● **GIVEN MATERIAL**
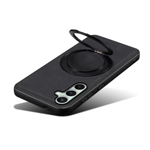 For Samsung Galaxy S24 FE 5G Denior A14 Skin Feel Rotating Holder MagSafe Phone Case(Black)
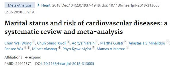 [1]Wai W C , Shing K C , Aditya N , et al. Marital status and risk of cardiovascular diseases: a systematic review and meta-analysis[J].Heart, 2018:heartjnl-2018-313005-.
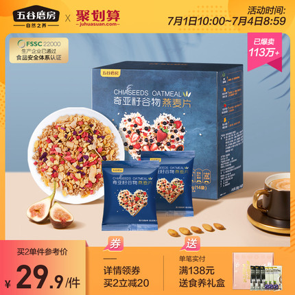 【五谷磨房 奇亚籽谷物水果燕麦片 20g*14袋 券后24.9元包邮 (39.9-15)】
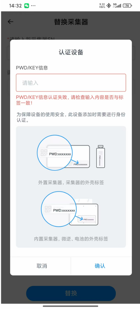 添加4G采集器到电站显示“PWD/KEY信息认证失败,请检查输入内容是否与标签一致”处理方案【小麦商家】

● **WHAT THIS TASK INVOLVES**
Could you return exactly the lines starting with the one that contains "20g*14袋 券后24.9元包邮 (39.9-15)】" and ending with the last line of the data above? Leave the pictures out.

● **RESPONSE AREA**
 【五谷磨房 奇亚籽谷物水果燕麦片 20g*14袋 券后24.9元包邮 (39.9-15)】
 添加4G采集器到电站显示“PWD/KEY信息认证失败,请检查输入内容是否与标签一致”处理方案【小麦商家】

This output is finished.